Нас осталось двое. Настала тишина, покой. Я снова погрузился в думы о скитаниях, о голубых городах со странными именами, о зеленом сиянье тропических лесов, о гаванях, раскинутых, как птицы, о неколеблемых ветрами морях. Я думал об этом настойчиво, непрерывно, улыбаясь самому себе, как помешанный. Я дошел до того, что часами мог останавливать мысль на незначительном образе, испытывая непередаваемое наслаждение.
Помню один. Я видел вывеску фруктовой лавки в Рио-де-Жанейро, вывеску желтого цвета с черной надписью. Я видел внутри белые мраморные столики, на них бледным огнем горели бокалы с фруктовым соком. Густое небо синим пламенем сверкало в чисто вымытых стеклах. И я, гравер из местечка Клецк, Минской губернии, сидел за столом, закинув нога за ногу, лениво курил, перелистывал иллюстрированные журналы и смотрел в глаза смеющихся женщин.
Мне надо было в порт, я не спешил, и было радостно от мысли, что я медленно пройду по шелестящим пальмами улицам, буду пересекать площади, где шуршат фонтаны тепловатой воды, пока впереди, в дыму океанских труб, в легком покачивании мачт не задымится зеленый, кипящий прибоем залив.
И я, гравер из местечка Клецк, разденусь и буду купаться в водах океана, и мое бронзовое тело будет пахнуть не медью и не кислятиной нищенской кухни, а йодом и жгучей солью океанской глубины.
Границы были закрыты, и мне посоветовали ехать в Палестину через Батум – оттуда, мол, легче пробраться. И я уехал.
Уехал кружным путем через Ростов и Кавказ. В дороге я испытывал ощущение радости от сухих стекленеющих степей, от широких станиц, от голубых гор, сверкнувших за Кубанью, от крынок с топленым молоком и желтых ноздреватых бубликов, что выносили к поезду казачки.
Я стоял с девочкой у окна и жадно смотрел на каждый полевой цветок, на жирную черную землю, на серебряные реки. У меня было такое чувство, будто я выкупался в воде со снегом и я уже не Иосиф Шифрин из Клецка, а кто-то другой, веселый, прекрасно приспособленный к жизни. Могила жены отошла в туман, слилась с памятью о дождях и вонючих непроезжих местечках.
Потом серый песок Каспийского моря, обрывы гор, красные берега и караваны верблюдов. Сизый дым кизяка уходил в далекое небо. В обширном провале встало на желтой глине черное мазутное Баку, игрушечный Тифлис перебирал веселые огни и, наконец, Батум, усыпанный мандаринами, омытый густым морем и тропическими дождями. Я был все ближе и ближе к цели. Вы понимаете мой восторг.

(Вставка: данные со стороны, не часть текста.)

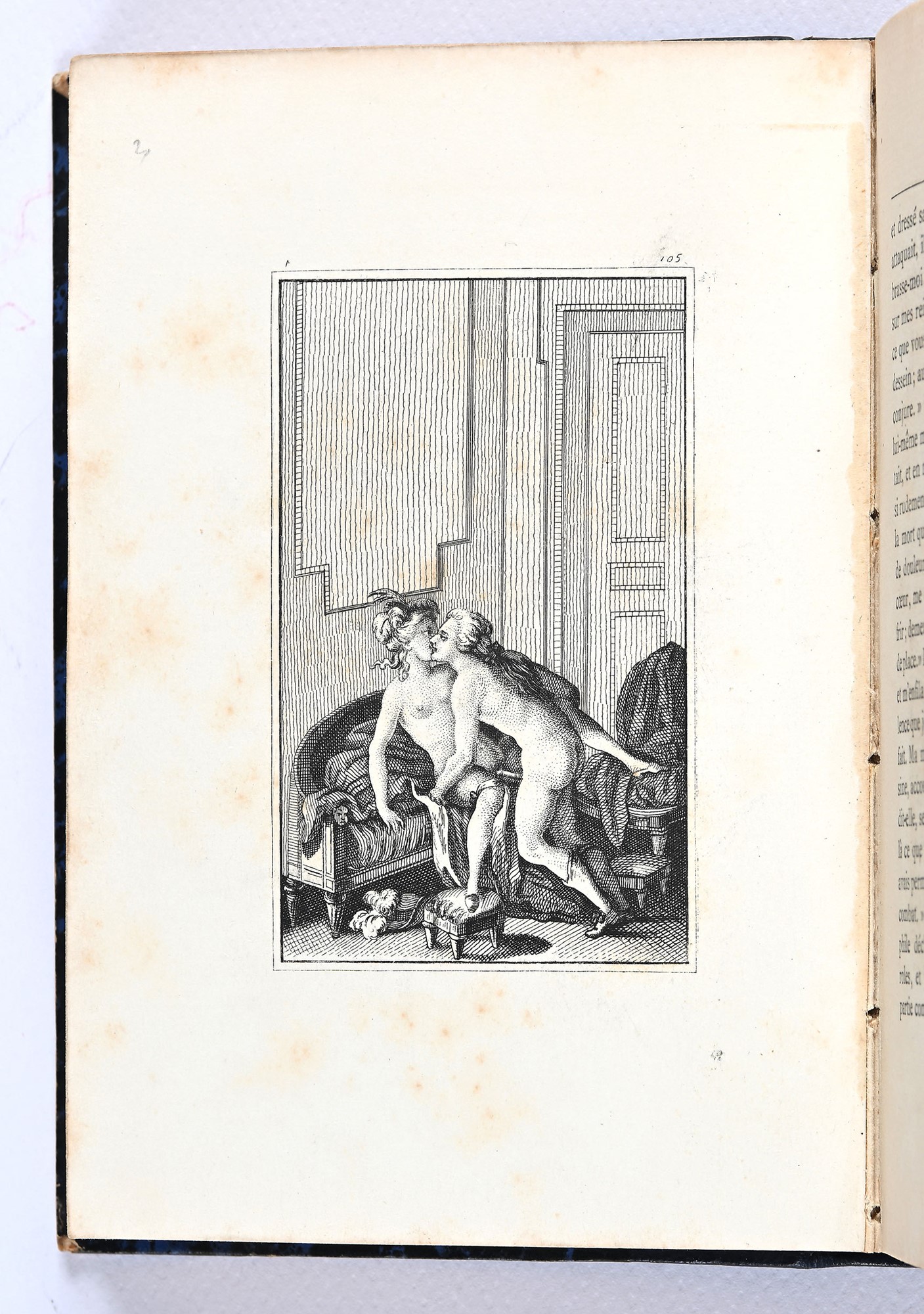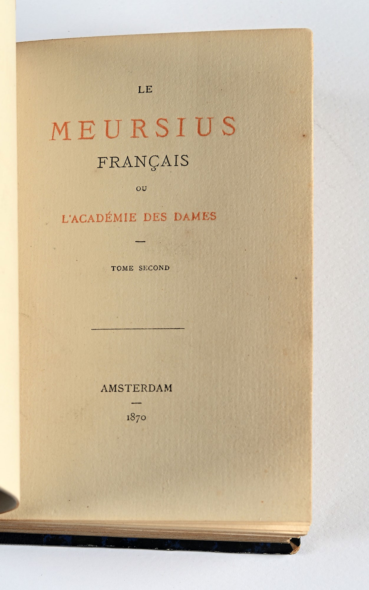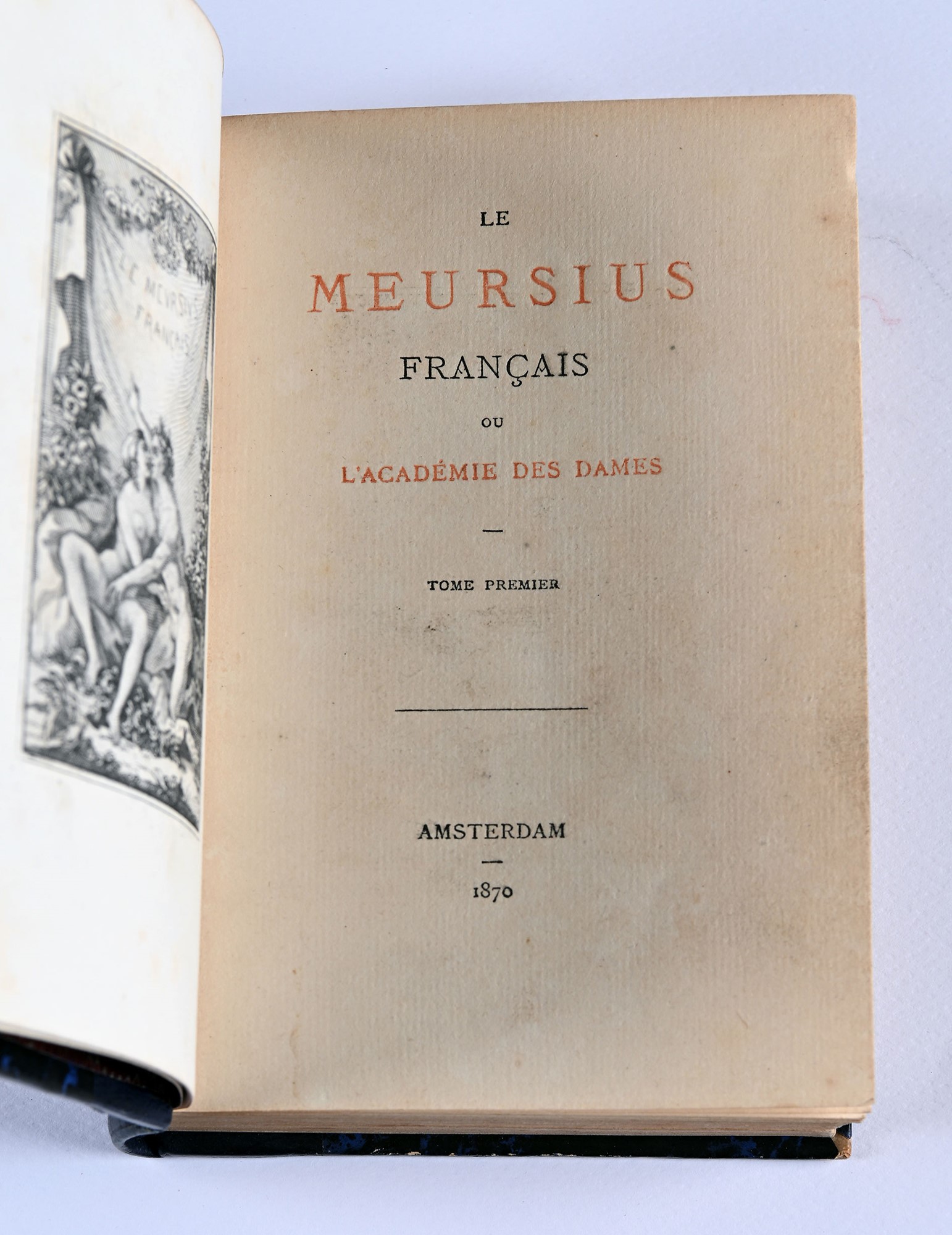 [Chorier, Nicolas] - LE MEURSIUS FRANÇAIS OU L'ACADÉMIE DES DAMES I-II 2 voll. Leg. coeva, pp. [4]-197+[4]-198-[2] e 7+6 tavv. ill., mm 158x110. Rarità francese, edizione ottocentesca del dialogo saffico apocrifo di Nicolas Chorier (1612- 1692) ornata con 13 incisioni erotiche fuori testo. Legature coeve in mezza pelle con titoli e fregi floreali in oro al dorso. Testo a stampa 1870, Amsterdam, s.n. mm 158x110

Батум – цепкий город. Горячие ливни, банный воздух, густые и терпкие запахи накачивают в мозги сонный яд усталости и лени. Но и здесь, в Батуме, я резко взялся за дело. Каждый раз, когда я видел вывески пароходных компаний, всех этих «Кунард Ляйн», «Сервици Маритими» и «Ллойд Триестано», это меня подхлестывало, как удар кнута. Из-за этих вывесок я проморгал революцию.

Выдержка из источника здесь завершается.